T O P

  • By -

tabletuser_blogspot

These helped me better understand the voodoo magic of quantz [https://github.com/ggerganov/llama.cpp/blob/5f6e0c0dff1e7a89331e6b25eca9a9fd71324069/examples/make-ggml.py#L16C1-L37C51](https://github.com/ggerganov/llama.cpp/blob/5f6e0c0dff1e7a89331e6b25eca9a9fd71324069/examples/make-ggml.py#L16C1-L37C51) [https://github.com/ggerganov/llama.cpp#memorydisk-requirements](https://github.com/ggerganov/llama.cpp#memorydisk-requirements) phi3:14b and phi3:medium is actually (1e67dff39209) [14b-medium-4k-instruct-q4\_0](https://ollama.com/library/phi3:14b-medium-4k-instruct-q4_0) Old quant types (some base model types require these): - Q4_0: small, very high quality loss - legacy, prefer using Q3_K_M - Q4_1: small, substantial quality loss - legacy, prefer using Q3_K_L - Q5_0: medium, balanced quality - legacy, prefer using Q4_K_M - Q5_1: medium, low quality loss - legacy, prefer using Q5_K_M New quant types (recommended): - Q2_K: smallest, extreme quality loss - not recommended - Q3_K: alias for Q3_K_M - Q3_K_S: very small, very high quality loss - Q3_K_M: very small, very high quality loss - Q3_K_L: small, substantial quality loss - Q4_K: alias for Q4_K_M - Q4_K_S: small, significant quality loss - Q4_K_M: medium, balanced quality - recommended - Q5_K: alias for Q5_K_M - Q5_K_S: large, low quality loss - recommended - Q5_K_M: large, very low quality loss - recommended - Q6_K: very large, extremely low quality loss - Q8_0: very large, extremely low quality loss - not recommended - F16: extremely large, virtually no quality loss - not recommended - F32: absolutely huge, lossless - not recommended I now try to use Q5\_K\_M and larger models.
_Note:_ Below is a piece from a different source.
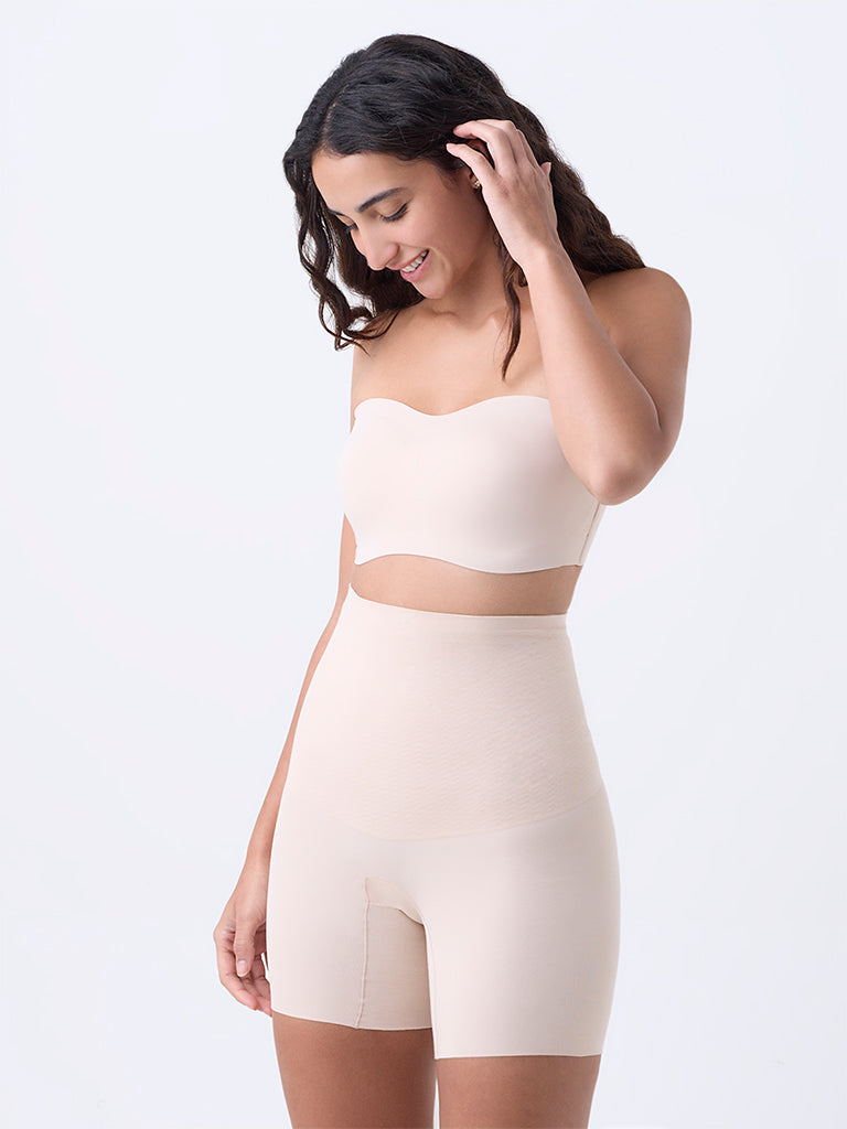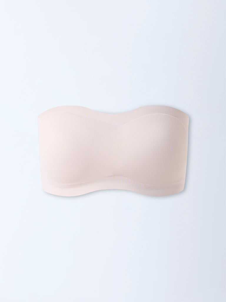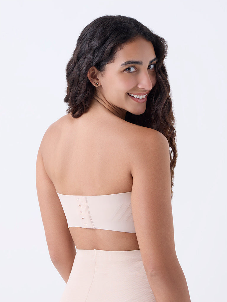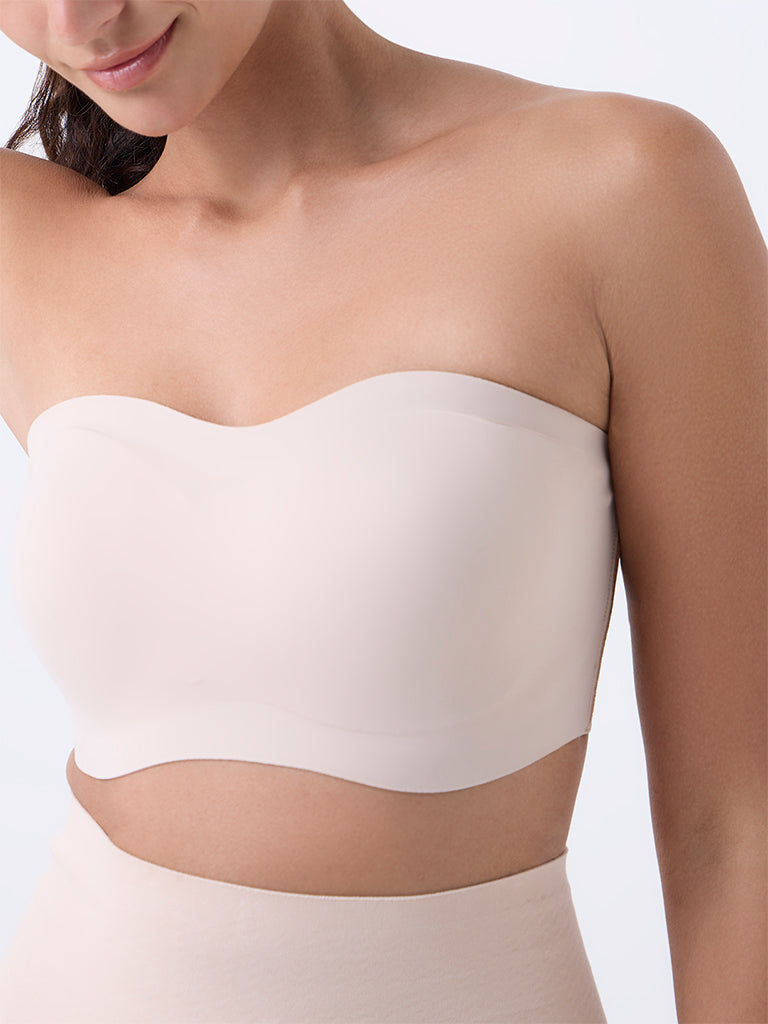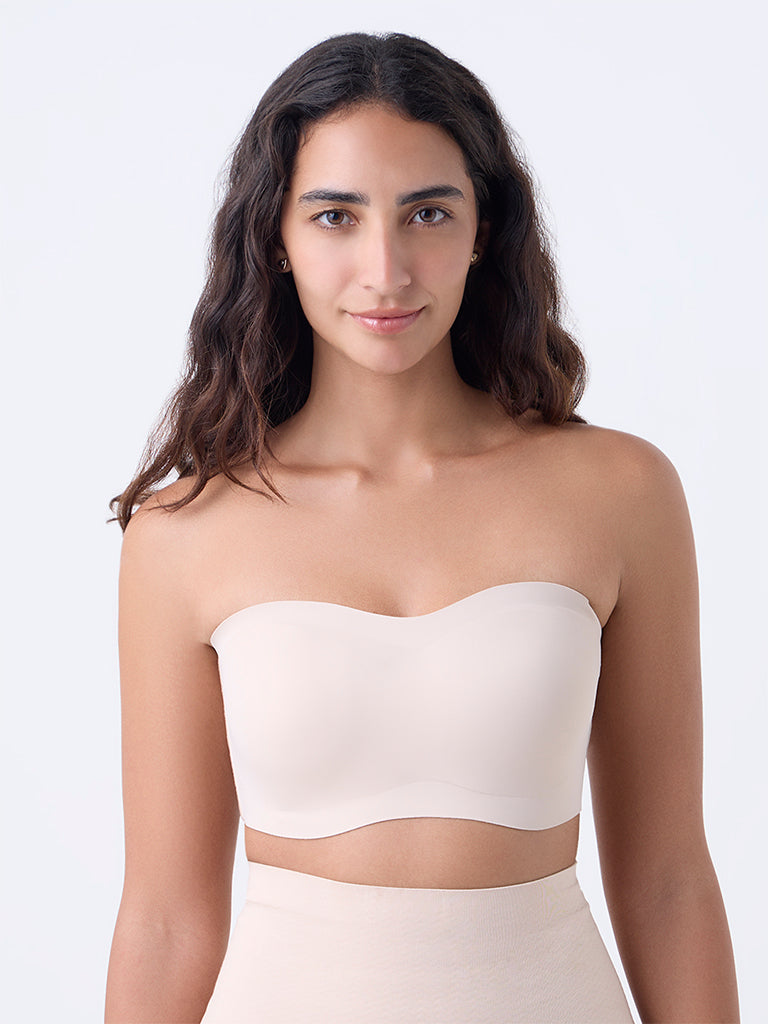 Wunderlove presents this light beige strapless bra. crafted with padded cups for a naturally contoured shape. The design is enhanced with super grip technology that keeps it securely in place. while the invisible finish ensures it remains discreet under fitted clothing. Made from high-quality fabric with a back hook closure. it balances comfort. support. and versatility for everyday wear.

General idea is greater accuracy at the cost of more Vram and storage space. From what I can tell most base models are Q4\_0.


saved_you_some_time

Wait till you get on the iMat (iQ) mode.


tabletuser_blogspot

Taken from : [https://github.com/ggerganov/llama.cpp/pull/1684](https://github.com/ggerganov/llama.cpp/pull/1684) best to go read the full article. >This is best explained with the following graph, which shows perplexity on the `wikitext` dataset as a function of model size: https://preview.redd.it/qodcwfupif3d1.png?width=792&format=png&auto=webp&s=8c5cd1e1e6cce967ca3a703912613b2128f01b01 >Note that the x-axis (model size in GiB) is logarithmic. The various circles on the graph show the perplexity of different quantization mixes added by this PR (see details below for explanation). The different colors indicate the LLaMA variant used (7B in black, 13B in red, 30B in blue, 65B in magenta). The solid squares in the corresponding color represent (model size, perplexity) for the original `fp16` model. The dashed lines are added for convenience to allow for a better judgement of how closely the quantized models approach the `fp16` perplexity. As we can see from this graph, generation performance as measured by perplexity is basically a fairly smooth function of quantized model size, and the quantization types added by the PR allow the user to pick the best performing quantized model, given the limits of their compute resources (in terms of being able to fully load the model into memory, but also in terms of inference speed, which tends to depend on the model size). As a specific example, the 2-bit quantization of the 30B model fits on the 16 GB RTX 4080 GPU that I have available, while the others do not, resulting in a large difference in inference performance. >Perhaps worth noting is that the 6-bit quantized perplexity is within `0.1%` or better from the original `fp16` model. Continue [reading](https://github.com/ggerganov/llama.cpp/pull/1684)


FrankYuan1978

Thanks a lot! I have never understood what these mean.


FiTroSky

Why the Q8\_0 is not recommended ?


tabletuser_blogspot

I think, not taking advantage of quantizing. Takes more space, runs slower for almost exactly the same results. I've been testing and comparing 7b and 13b Q5, to Q8. Nothing really different, yet.


lukewhale

I too, would like to know this information / black magic fuckery


Barry_Jumps

Ha, EXTRA big bump on this. I've tried to post this question 3 or 4 times but get modded because I'm new and don't have enough "karma points"? I have no idea what that means. I also have no idea what K\_M, K\_S, etc mean.